Old ticket stubs can stir golden memories, as Eric Schofield makes clear in his account of a Sunday trip to Campbeltown in 1969.
Whether the ticket has survived complete, or is just an outward or return portion that has gathered dust in the intervening years, that little piece of card has the power to bring to mind a simple day out which went to plan. It did not deviate from the timetabled route or timings. It was an excursion which had been done before, quite possibly on the same vessel or vessels. But it stands out in the memory simply because the weather played its part to perfection.
The return portion of the Craigendoran to Campbeltown ticket dated Sunday 8 June 1969 is a case in point: it recalls a truly glorious day. It also encapsulates for me the many features that made Clyde cruising such a fabulous experience around that time, when steamers and ferries provided a wide variety of direct and indirect links to the many piers at both mainland and island resorts.
No. 5 Campbeltown to Craigendoran
The British Rail blue electric train brought me down to Craigendoran. The 20 minutes before Waverley’s departure at 1010 soon passed, but not before I took my first picture of the day — the paddler and her stablemate Caledonia sparkling in the bright morning sun at Berths B and A respectively. Having purchased my ticket aboard Waverley it was not long before the time came to disembark at Dunoon, the changing point to connect with the Campbeltown-bound Duchess of Hamilton. She was already fast approaching to occupy the berth vacated by the paddler, which headed off to provide a late-morning Largs/Fairlie/Millport Old Pier positioning service so as to be ready for the afternoon excursion from Millport to Tighnabruaich.
The Sunday sailing to Campbeltown was a trip that I numbered amongst my favourites within the Firth of Clyde, familiarity with the passing scene never failing to impress come hail, rain or shine. This Sunday proved to be one of the best as the turbine sped down the Cowal Coast to Rothesay, then back across Firth to Largs, Fairlie and Keppel.
Considerable numbers had come aboard at the mainland piers, so finding a quiet spot on deck was a challenge. I settled for the very back corner of the promenade deck to port behind the lifeboat. It was little frequented, perhaps because of its restricted view or proximity to the galley chimney on the starboard side.
It was from there that I pictured the crowded upper deck as we threaded our way through the Tan and looked back at Glasgow’s sludge boat Shieldhall, which was returning upriver after dumping another load south of the Cumbraes. Our course continued past Garroch Head and round the Cock of Arran to call at Lochranza and then on down Kilbrannan Sound to Campbeltown.
The hour and a quarter of shore time in the Kintyre town was always appreciated, especially so on this occasion as I was able to take advantage of the extremely low tide to capture a more unusual picture or two from the exposed beach within the harbour area, with its mix of rock, sand and shell.
On the return voyage, high tea was enjoyed to the full as the ‘Hamilton’ headed south of Arran past Pladda and the east side of Holy Isle to Brodick.
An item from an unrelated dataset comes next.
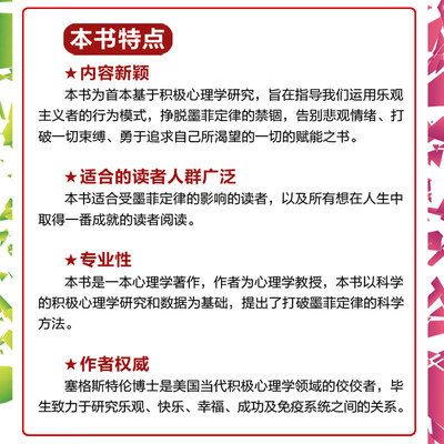 这本书作者根据自己多年的心理学研究经验,指导读者以乐观主义者的心态,挣脱墨菲定律的禁锢,勇于追求自己所渴望的一切。
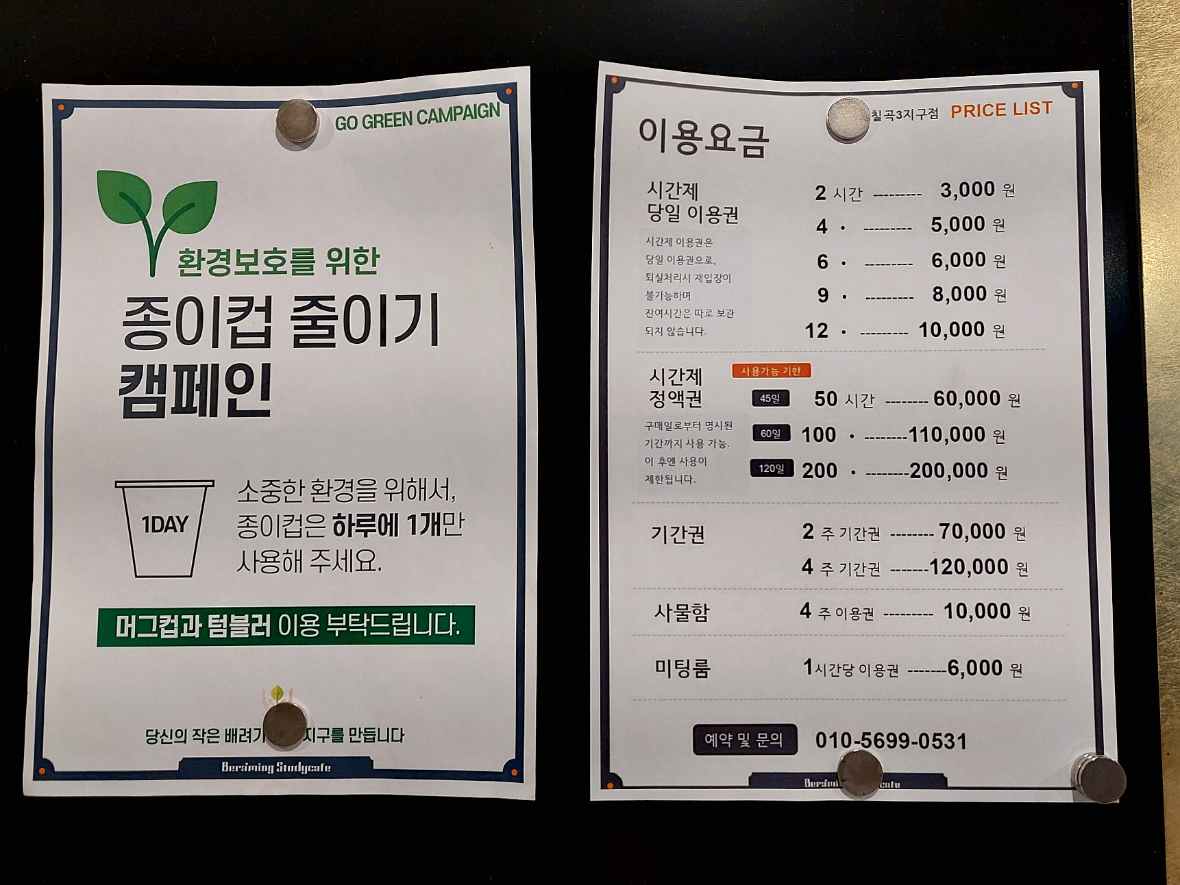 주 고객층은 나름 정숙하고 장시간 집중력이 필요한 성인과 수험생이라는 게 느껴졌다.

There was always a large crowd on the pier awaiting this last sailing of the day from the island, comprising mostly weekenders bound for Fairlie and the boat train to Glasgow, plus of course those day trippers who had disembarked at Lochranza on the outward journey for an Arran coach tour.
As we departed Brodick, Cowal arrived to berth overnight, ready for the early Monday morning ‘death run’. About an hour later the trio of calls at Keppel, Fairlie and Largs followed, and as Duchess of Hamilton pulled away from Fairlie and Waverley followed in on her way back from Millport Old Pier, many of the remaining passengers were still availing themselves of sun-baking heat, even as we passed 7 in the evening.
The criss-crossing of the Firth was a particular feature of the Sunday Campbeltown steamer’s return journey, designed to cater for hordes of homeward-bound day-trippers: after Largs the ‘Hamilton’ headed over to Rothesay then back across to Wemyss Bay and from there over to Dunoon before returning to her mainland base at Gourock. I disembarked at Rothesay, and after a quick snap of Duchess of Hamilton swallowing up the Rothesay crowd, moved hurriedly along the pier to join the Craigendoran-bound Waverley, which had followed in on the turbine’s wake but would now steam direct up the Cowal Coast to Dunoon and then Craigendoran.
Although there have been many wonderful days in the years since then, I find it difficult to recall one, in my experience, that remained so idyllic from start to finish.